You appear to be running in JupyterLab (or JavaScript failed to load for some other reason). You need to install the 3dmol extension:
jupyter labextension install jupyterlab_3dmol

The fact that this one has neither acceptors nor an aromatic feature in the second planar six-ring indicates that we should take a look at the feature definitions. That’s a topic for another blog post.

Now it’s straightforward to create FeatMap objects from the feature lists:

fms = [FeatMaps.FeatMap(feats = x,weights=[1]*len(x),params=fmParams) for x in featLists]

We can, of course, draw a feature map as well.

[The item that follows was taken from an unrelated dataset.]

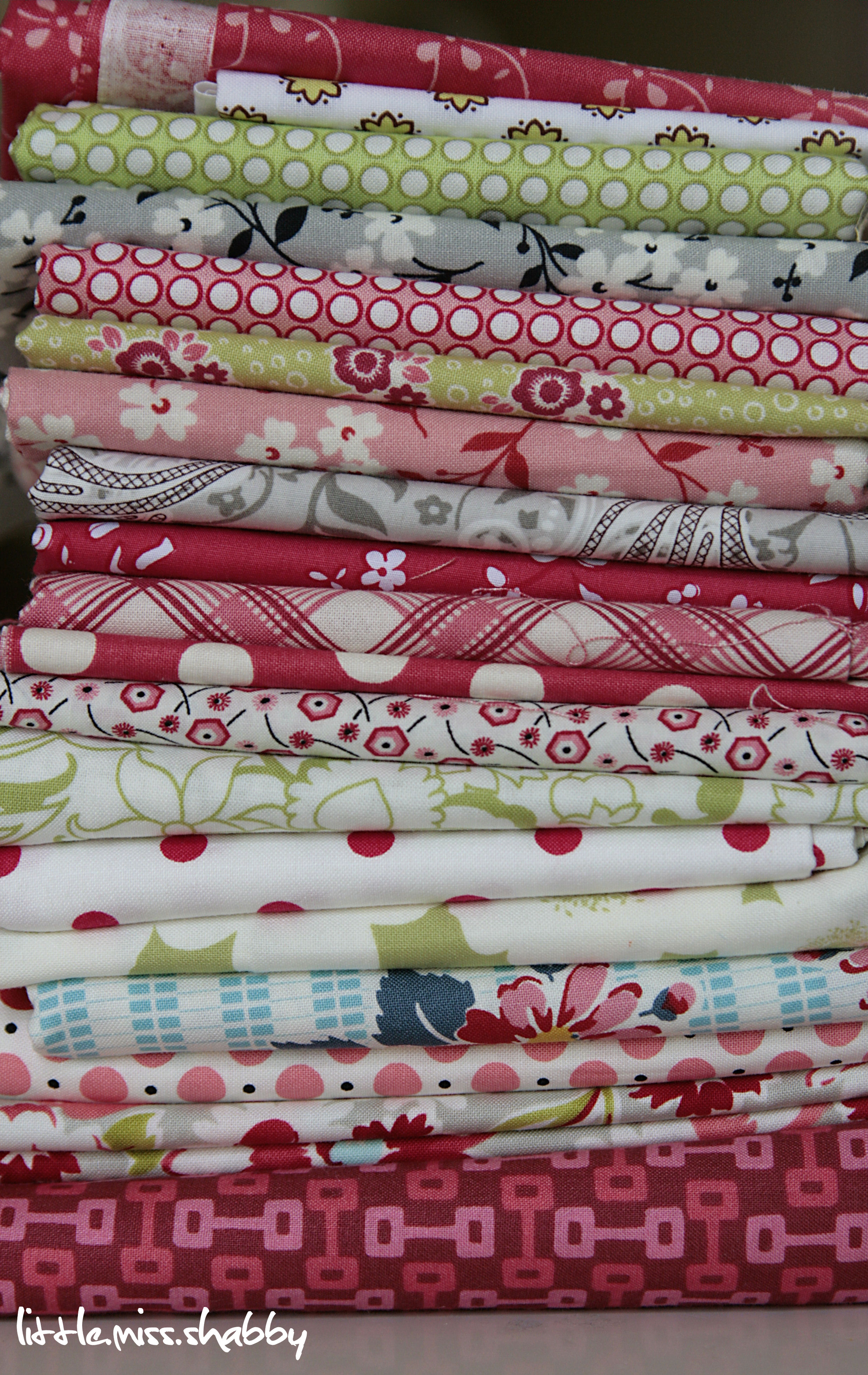 A little tip: If you are ever unsure of how a stack of fabric mixes, take a picture and look at it on your computer screen–you get a different perspective that you don’t get when you see it in person. I don’t know how many times I have snapped a picture of a stack of fabric and then changed things around after seeing it on the computer–it really does help to get that 2nd perspective. =)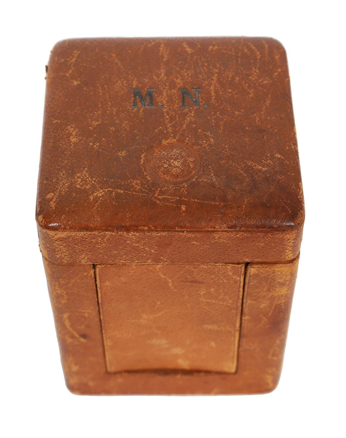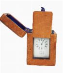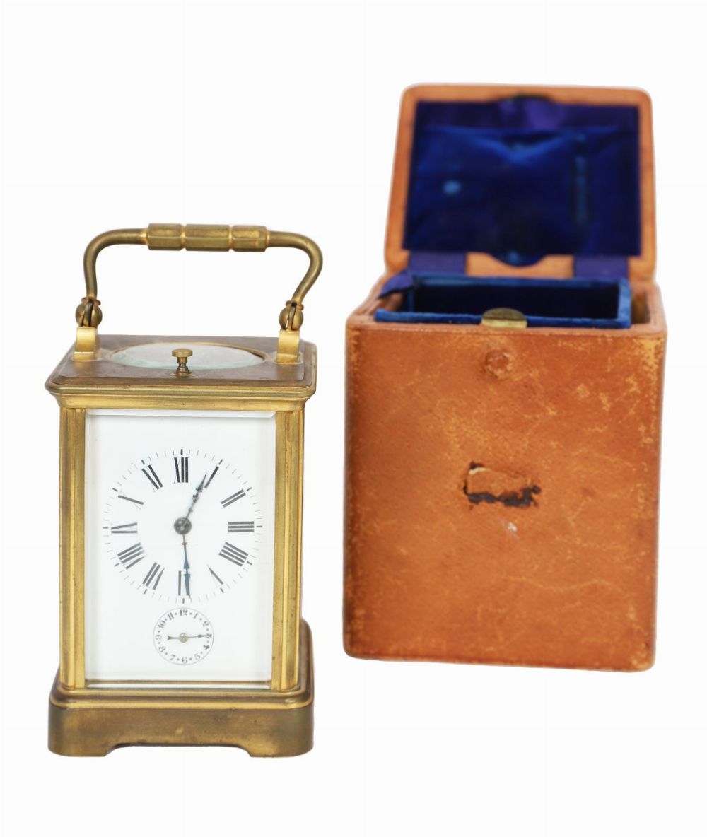 Rectangular brass case with swing handle, white enamel dial with Roman numerals and subsidiary seconds dial, the movement striking on demand. Presented in its fitted leather travelling case.

In these simple cases the feature maps look the same as drawing all of the molecule’s features:

def drawFeatMap(m, fMap, p=None, confId=-1, removeHs=True):
        if p is None:
            p = py3Dmol.view(width=400, height=400)
        p.removeAllModels()
        if removeHs:
            m = Chem.RemoveHs(m)
        IPythonConsole.addMolToView(m,p,confId=confId)
        for feat in fMap.GetFeatures():
            pos = feat.GetPos()
            clr = featColors.get(feat.GetFamily(),(.5,.5,.5))
            p.addSphere({'center':{'x':pos.x,'y':pos.y,'z':pos.z},'radius':feat.weight*.5,'color':colorToHex(clr)});
        p.zoomTo()
        return p.show()

drawFeatMap(ms[0],fms[0])

You appear to be running in JupyterLab (or JavaScript failed to load for some other reason). You need to install the 3dmol extension:
jupyter labextension install jupyterlab_3dmol

Now let’s look at scoring the features from each molecule against the feature map. Since scores are affected by the number of features in each FeatMap, we’ll normalize here using the number of features in the molecule with less features.

fms[0].ScoreFeats(fms[1].GetFeatures())/min(fms[0].GetNumFeatures(),fms[1].GetNumFeatures())

0.31955076703314267

fms[0].ScoreFeats(fms[2].GetFeatures())/min(fms[0].GetNumFeatures(),fms[2].GetNumFeatures())

0.815994417450649

fms[1].ScoreFeats(fms[2].GetFeatures())/min(fms[1].GetNumFeatures(),fms[2].GetNumFeatures())

0.12773080957394894

An aside: since the weights on the features in FeatMap are all 1.0, the scoring is symmetric:

fms[2].ScoreFeats(fms[1].GetFeatures())/min(fms[0].GetNumFeatures(),fms[2].GetNumFeatures())

0.12773080957394894

The ScoreFeats() method can also generate a feature map vector: the breakdown of the score by the contributions of individual features in the feature map.

scoreVect = [0]*fms[2].GetNumFeatures()
fms[2].ScoreFeats(featLists[1],mapScoreVect=scoreVect)
scoreVect

[0.0, 0.47597567297942583, 0.0, 0.03494756531636994]

scoreVect = [0]*fms[2].GetNumFeatures()
fms[2].ScoreFeats(featLists[0],mapScoreVect=scoreVect)
scoreVect

[0.900252447002704, 0.4636038094112722, 0.900252447002704, 0.999868966385916]

Feature map vectors can also be used as descriptors for machine learning, as shown in the second reference mentioned above. If I find a good example system I’ll try and do a blog post on that as well.

Hopefully others find this brief introduction to the RDKit’s FeatMap implementation useful.